Ideally, solar or wind power would be used to produce hydrogen, eliminating any emissions from the generation of hydrogen. Typically, hydrogen is derived from natural gas by steam reforming. It can also be derived directly from water by electrolysis, but this process is less efficient due to the large quantity of energy required.
Where do I find out more about EVs?
Drive Change. Drive Electric. represents a unique public-private partnership between auto manufacturers and Northeast states to advance consumer awareness, understanding, consideration and adoption of electric cars, including battery electric, plug-in hybrid electric, and fuel cell electric vehicles.
By showcasing to drivers and passengers the convenience, affordability, technology, sustainability and power performance of electric vehicles, Drive Change.
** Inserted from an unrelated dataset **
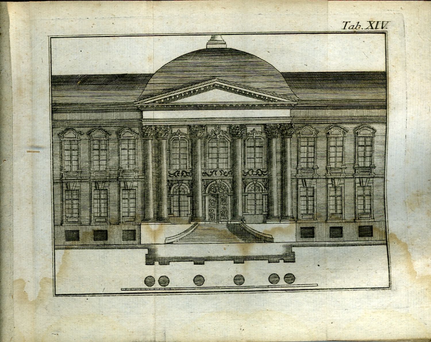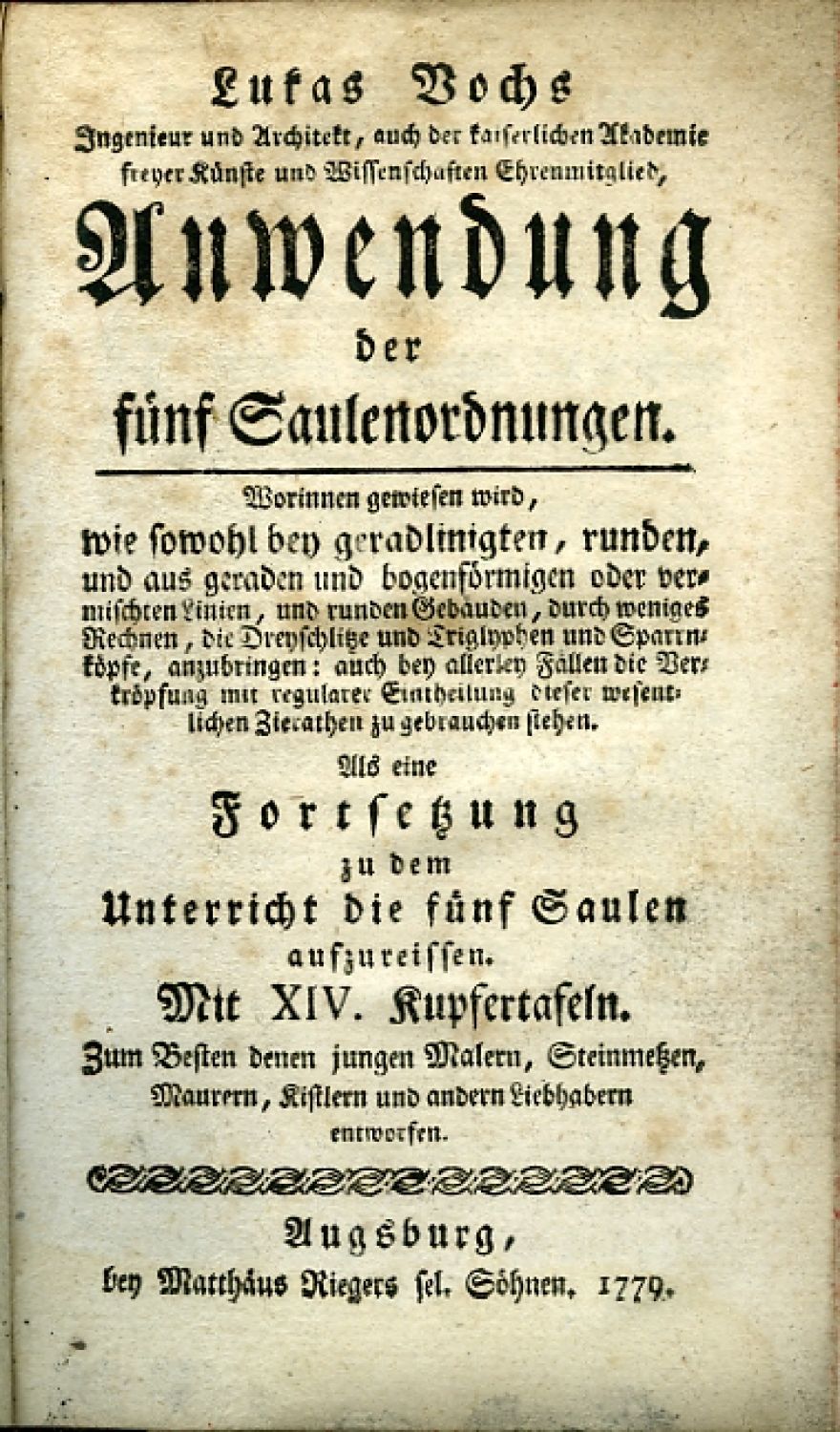 Anwendung der fünf Saulenordnungen. Worinnen gewiesen wird, wie sowohl bey geradlinigten, runden, und aus geraden und bogenförmigen oder vermischten Linien, und runden Gebäuden, durch weniges Rechnen, die Dreyschlitze und Triglyphen und Sparrnköpfe, anzubringen: auch bey allerley Fällen die Vertröpfung mit regularer Eintheilung dieser wesentlichen Zierathen zu gebrauchenen stehen. Als eine Fortsetzung zu dem Unterricht die fünf Saulen aufzureisten. Mit XIV. Kupfertafeln. Zum besten denen jungen Malern, Steinmetzen, Maurern, Kistlern und andern Liebhabern entworfen.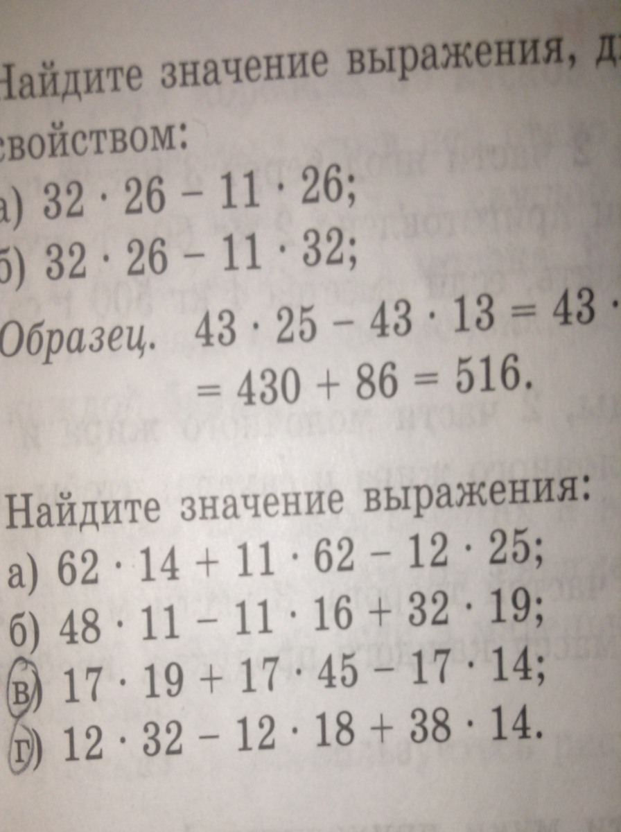 Найдите значение выражения в)17*19+17*45-17*14 г)12*32-12*18+38*14

Drive Electric. aims to put more electric cars on the road than ever before.
Destination Electric introduces you to your next big adventure! Small businesses across the Northeast are joining Destination Electric to show you just how great life can be with an electric car. A life full of exploring new places and uncovering your greatest memories is ahead of you, and an electric car can get you there. Check out the list of Connecticut small businesses that support clean vehicles!
fueleconomy.gov is the official US government source for fuel economy information. It is an excellent place to start your search for a new EV. You can choose and compare vehicles side by side, find out detailed information about the various EV technologies, and learn much. much more about EVs. Developed by the US Department of Energy.